Modern veterinary science solves the problem of increasing the reproductive abilities of producers of farm animals and poultry by using biologically active preparations - vitamins, macro-, microelements, herbal preparations, and also using physiological methods - dosed direct contact of male producers with sexually mature female animals in a hunting state.

Chemicals are expensive and do not always guarantee a positive effect. From the literature data, the stimulating and adaptogenic effect of Rhodiola rosea extracts is known. When feeding to the boar-producers for 60 days a preparation from the dried roots of Rhodiola rosea, the authors (A.G. Narizhny, A.Ch. Jamaldinov. Veterinary Medicine, No. 10, 2003) found an increase in the volume of ejaculate by 7.9-13.8% with maintaining at a control level the concentration of sperm. At the end of feeding, the biological indicators of sperm returned to their original level.

A stimulating effect on sperm production of bulls is provided by a preparation based on inactivated biomass of halobacteria Halobacterium halobium containing amino acids, lipids, water and fat-soluble vitamins (G.V. Eskin, N.A. Kombarova, R.A. Kornilin. Problems of biology of productive animals No. 4, 2011). When feeding the halobacterium-based preparation (“Baksin-vet”) to the bulls-producers, the authors noted a decrease in the number of ejaculate rejected, an improvement in the quality of the native seed, and an increase in the survival of cryopreserved sperm after thawing for 5 hours outside the body at a temperature of 37 ° C. The effect persisted for 30 days after the end of feeding the drug; subsequently, the indicators of sperm production returned to the level of the preliminary period.

The studies of S. Okolyshev, N. Karpov, R. Kornilin showed the stimulating effect of the drug “Baksin-vet” on the productive characteristics of boars-producers. The daily use of Baksin-vet to the boars-producers for three weeks at a dose of 5 and 10 mg per 1 kg of live weight when boars are kept even on an economic diet led to an increase in ejaculate volume and sperm count in semen. (S.Okolyshev, N. Karpova, R. Kornilin. “The effect of the Baksin-vet preparation on sperm production of boars and the multiple pregnancy of sows in conditions of intensive pork production.” “Pig production” No. 2, 2009).

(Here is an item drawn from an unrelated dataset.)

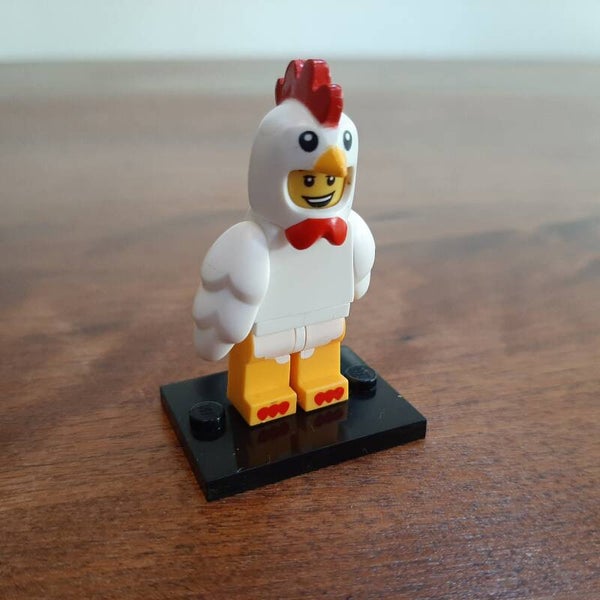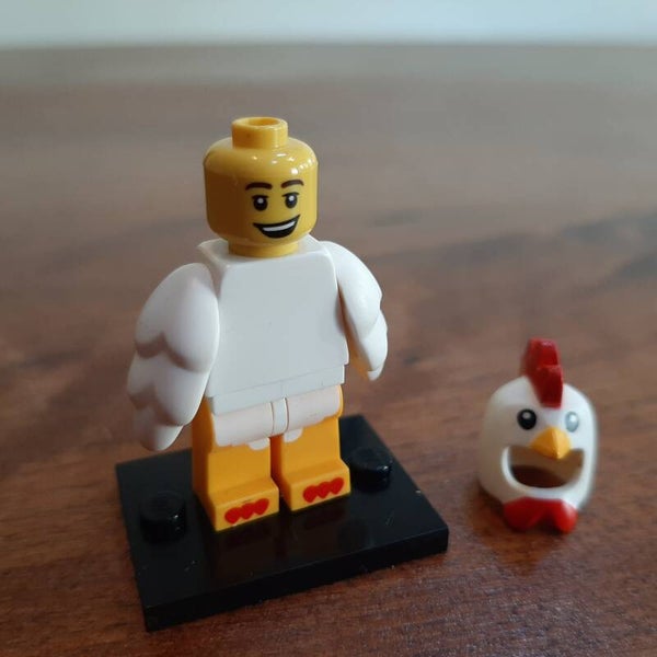 Lego Collectible Minifigures col09-7 Chicken Suit Guy. Collectible Minifigure uit serie 9. Helemaal compleet, maar zonder instructies. Kwaliteit van de Lego: 9/10.

In the work of ZP Komova “Enhancing the reproductive function of boars using biologically active substances” (the dissertation for the degree of candidate of biological sciences, All-Russian Research Institute of Scientific Research, Dubrovitsy, 2001) it was shown that feeding boars-producers with biologically active preparations “SGOL” and "Stimulgin" has a positive effect on the manifestation of copulation and erection reflexes in manufacturers, increases the volume of ejaculate and the content of sperm in the ejaculate.

In the studies of S.A. Kholov, a positive effect of the selenium-containing preparation "Depolen" for correcting the reproductive function of manufacturing bulls was established ("The use of selenium-containing preparation" Depolen "for correcting the reproductive function of manufacturing bulls, Voronezh, 2000).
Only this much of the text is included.